E. Running a Java Program

  1. Type javac -version followed by ENTER in the shell window.

    That's javac, not java.

    What happens? It might work or not. If you get a version number, what is it? If you get an error message, what is it?

  2. Under Windows, you might get a “command not found” error message. In that case, you need to use the full path name for the javac.exe program, which is a bit tedious. Type /cygdrive/c/Pr, then TAB to get it completed to /cygdrive/c/Program\ Files, then add /java/jdk and hit TAB again to get a completion somewhat like /cygdrive/c/Program\ Files/java/jdk1.7.0_01. If tab completion doesn't find it there, look instead in /cygdrive/c/Program\ Files\ \(x86\). (Note that there is a \ before every space and before every special symbol.) Once you found the JDK directory, add /bin/java -version. The entire thing is something like /cygdrive/c/Program\ Files/java/jdk1.7.0_01/bin/java -version.  Fortunately, you only need to enter it once since you can always recall it with the ↑ key.

    Now type java -classpath followed by the name of the full path to lab3/build/classes and AddressBookDemo. For example,

    java -classpath /home/cay/cs46b/lab3/build/classes AddressBookDemo

    Be careful with the letter case in AddressBookDemo.

    Don't type this from scratch. Hit ↑ until you find the ls command from Step 3. Add a space and AddressBookDemo. Then hit HOME (Ctrl+A on the Mac), erase the ls and add java -classpath. Hit ENTER when you are done.

    With Windows, you now run into an unhappy issue. You have to know which programs are Cygwin programs and which are not. The ls program is a Cygwin program and takes Unix style path names (starting with /cygdrive/c). The java program is not a Cygwin program, and it does not understand /cygdrive/c. Instead, you need to type a path such as C:/Users/cay/cs46b/lab3/build/classes. Technically, you are supposed to use backslashes (\), but as it happens, java will accept slashes. So, before hitting ENTER, make sure you replaced /cygdrive/c with C: on Windows.

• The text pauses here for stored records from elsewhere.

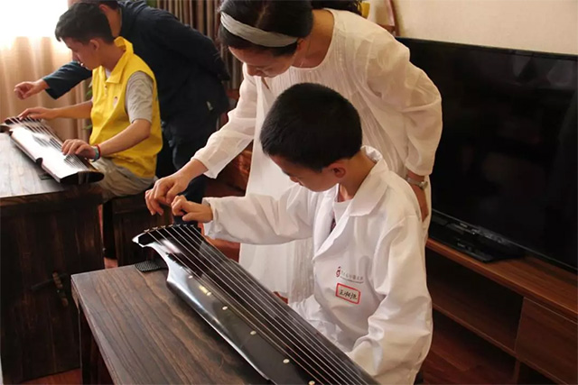 很多孩子连古琴和古筝都分不清,更别说近距离的聆听中医院老师弹奏的古琴。中医院老师演奏完毕后为大家讲解了古琴的历史与特点,孩子们也有幸第一次触摸了中国最古老的乐器。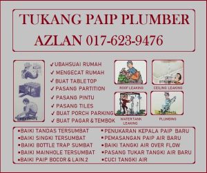 PERKHIDMATAN KERJA-KERJA PAIP BUAT PAIP BARU DARI MINTER KE TANGKI AIR DAN SINKI DAPUR DAN BERKAITAN DANGAN AIR DERECT BUAT PAIP BYPASS BAIKI PAIP BOCOR DALAM DINDING BAIKI KEPALA PAIP PATAH DALAM DINDING BAIKI PAIP SINKI TERSUMBAT BAIKI TANDAS TERSUMBAT BAIKI BOTTLE TRAP LANTAI TERSUMBAT BAIKI MAINHOLE TERSUMBAT BAIKI FLUSH JAMBAN DAN TUKAR YANG BARU...
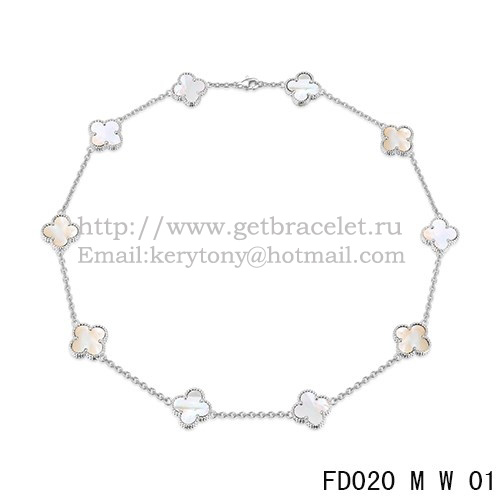 Naszyjnik Van Cleef Arpels Alhambra z białego złota, 10 motywów, biała masa perłowa, 45 cm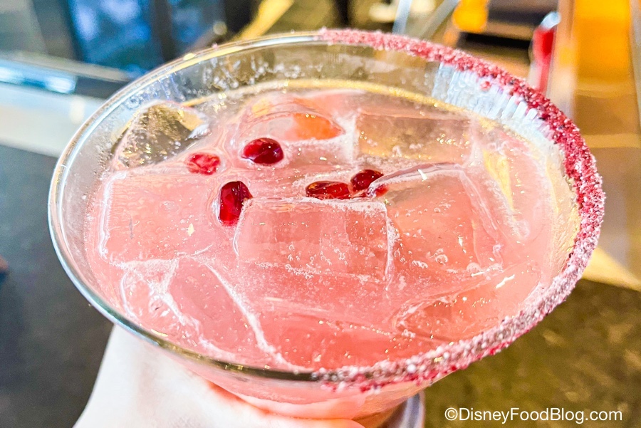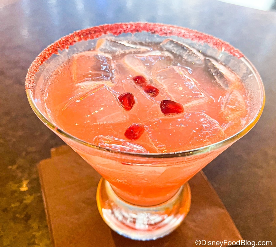 It’s smooth and sweet, light on tequila flavor and heavier on the pomegranate. It’s finished with a rose popcorn salt rim, and a smattering of juicy pomegranate seeds! That salt has a buttery popcorn aftertaste, which can be a love it or hate it kinda flavor (spoiler alert: we love). It doesn’t overpower the margarita, but you can certainly taste the buttery popcorn flavor.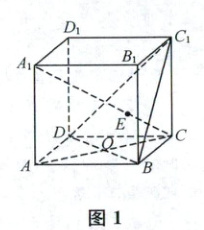 (1)如图 1,若 $AC \cap BD = O$,$A_{1}C \cap$ 平面 $BDC_{1} = E$,求证:$C_{1}$,$E$,$O$ 三点共线。
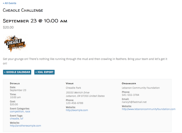 Clicking an individual event takes you to the single event page, which has all the details. This screenshot shows what the default single event page looks like: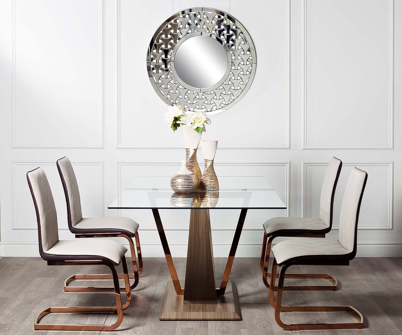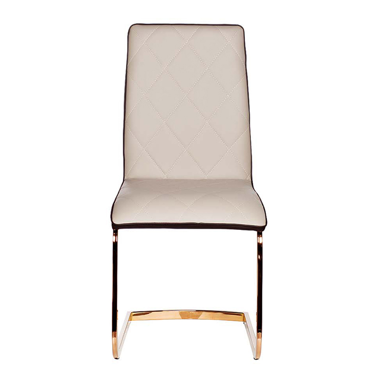 Запросить индивидуальное предложениеЭффектный дизайнерский интерьер несложно создать самим, используя необычные предметы обстановки. Этот изысканный и практичный стул на металлическом каркасе цвета розового золота из бежевой искусственной кожи как раз из их числа. В нашем магазине вы также сможете подобрать подходящий по размеру и стилю обеденный стол со стеклянной столешницей для создания гармоничного ансамбля в гостиной, столовой или просторной кухне. Наполнитель пенополиуретан. Размеры сиденья: Г43*Ш44*В48см.

    What happens when you run the AddressBookDemo?

  3. Don't bother entering a file name into the file chooser. Just hit Cancel. We'll work on that later.

    Now run the program again, using only two keystrokes.

    What are the keystrokes?

F. Installing a Text Editor

You need a professional text editor for this lab. Windows Notepad or Mac TextEdit will not suffice. Some students have a professional text editor that they like and know, but more often than not, it turns out that they don't actually know it all that well. So, even if you love your text editor, you'll need to install the one that we use in the lab. 

The professional text editor that we use in this lab is called Emacs. It is available on all major operating systems, so you won't have to learn another editor if you switch operating systems—which most professional programmers need to do at least occasionally. It is very powerful and has a huge set of extensions. 

“Emacs outshines all other editing software in approximately the same way that the noonday sun does the stars. It is not just bigger and brighter; it simply makes everything else vanish. ”—Neal Stephenson

If someone tells you that Emacs is old-fashioned and hard to use, don't listen—modern versions of Emacs have menus and dialogs and require no special training.

  1. Start Emacs.

    Select Options -> C-x/C-c/C-v Cut and Paste (CUA) and Options->Save Options. At the bottom of the window, in a ”status line”, Emacs tells you that it saved the options in a file.

    What is the name of this file?

  2. Select File -> Open File... from the menu and select the file named .emacs. Note the period (.) before the filename.

    If there is no such file, hit the following key combination instead:

    [Control-X][Control-F]~/.emacs[Enter]

    That is, hold down Control and X, let go of X but not of Control, type F, let go of both, then type the eight characters ~/.emacs and then hit the Enter key. (If you already have a ~/ after hitting [Control-X][Control-F], you can just enter the six characters .emacs and then Enter.)

    At the end, add the following lines:

    (prefer-coding-system 'utf-8-unix)
    (setq indent-tabs-mode nil)
    (setq require-final-newline t)

    Just copy from this page and paste it in with Ctrl+V.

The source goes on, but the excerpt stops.